The whale loved all who dwelt upon him. He loved the moose, and the eagle, and the humans, but he especially loved the wolves. The wolves were the whale’s cousins and so he taught them how to sing. The wolves would howl into the night, to sing their teacher to his sleep. He returned by always giving them water to drink from his spout. The humans called it, “Old Faithful.” The whale liked that name, so he took it as his own. One night, Old Faithful heard the wolves howl, but it was a mournful song.
“What frightens you little ones?” He asked.
“The humans, Great One. They hate us!” The wolves cried.
“Hate you? Why?” Old Faithful’s heart began to break.
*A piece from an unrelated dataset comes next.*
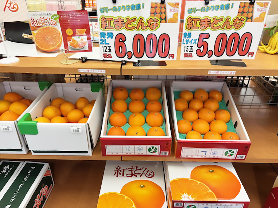 そして、とろけるゼリーのような食感、あふれる果汁と豊かな香り、愛媛生まれのオリジナル柑橘「紅まどんな」!箱入り好評販売中です!毎日オープンの8:30~売り切れまで販売しています。

“They call us monsters! Say we eat their sheep and children!”
Old Faithful was disturbed by this news. It was not long ago that the humans hunted alongside the wolves. Now they had turned on their former friends because they no longer had to share the hardships of the wild. Old Faithful understood the humans preferring this, but why were the wolves the enemy?
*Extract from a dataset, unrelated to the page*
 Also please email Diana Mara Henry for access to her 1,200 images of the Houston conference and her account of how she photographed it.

The elder leviathan retreated into his thoughts for many decades. During this time, his spout gave forth no water. The humans could not understand why Yellowstone’s natural spring had dried up. The plants and animals were dying around it. The humans tried their best to help the wildlife, particularly the wolves. This truly perplexed Old Faithful. Why had the humans changed their minds again?
“Great One?” Old Faithful’s most loyal disciple addressed him at the edge of a great lake; its surface still and dirty. “I have brought to you one of the humans.” Old Faithful looked through the lake to see that his friend had carried a child upon his strong back. She recoiled behind the wolf-dog at the sight of a ghostly whale on the lake’s surface.
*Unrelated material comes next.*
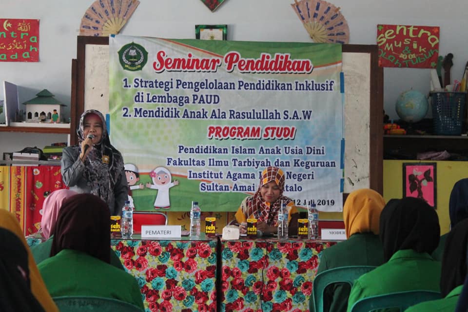 Seminar Pendidikan dan Studi Lapangan terkait strategi pengelolaan pendidikan inklusif di lembaga PAUD dilaksanakan oleh program studi pendidikan islam anak usia dini IAIN Sultan Amai Gorontalo, bertempat di TK Damhil DWP UNG, tanggal 12 Juli 2019. TK Damhil DWP UNG sendiri  saat ini berstatus sebagai laboratorium PG PAUD Universitas Negeri Gorontalo yang menerapkan prinsip-prinsip pendidikan inklusif di lembaga PAUD dan terakreditasi A. Studi observasi mahasiswa PIAUD IAIN Sultan Amai Gorontalo disambut langsung oleh kepala TK Damhil DWP UNG yaitu ibu Hasni Mohamad M.Pd. Kons, yang sekaligus memberikan materi dan membagi informasi langsung terkait manajemen penyelenggaraan PAUD Inklusif.PAUD Damhil DWP UNGi dikenal sebagai salah satu sekolah regular yang memfasilitasi pelayanan pendidikan pada anak-anak berkebutuhan khusus.

“Do not be afraid, child,” he sang to her. “I just want to ask you a question.”
“M-M-Mommy says not to talk to strangers,” she shivered. Old Faithful chuckled.
“You are wise to heed her words, but I promise I will not hurt you.” The Ancient beckoned her to the lake. The little girl stepped cautiously toward where the water once was. “What is your name?” He asked.
“Ma-Mary. I’m eight years old. How old are you?” Mary asked. Old Faithful smiled at her innocent naivete.
“Older than the hills around you. The sky is my father and the sea, my mother. Tell me young Mary. Why are the humans helping the wolves?” He asked.
“Because they’re sick and hungry.” She answered.
“Didn’t the humans hate the wolves? Called them monsters?” He had no malice for this child, only a desire to know these tiny creatures.
“Well, Grandpa used to tell scary stories of them. About wolves eating naughty little girls and boys. But my Mommy and Daddy study wolves!” Mary noted with pride. “They say wolves can be scary, but they aren’t bad. They just need to eat like we do. And now they can’t eat because all the water’s gone; so all their food is gone too.” Mary leaned down to pick up a rock. “I wish the water would come back.” With all the strength she could summon, she threw the rock into the lake, as if willing the rock to carry her wish farther.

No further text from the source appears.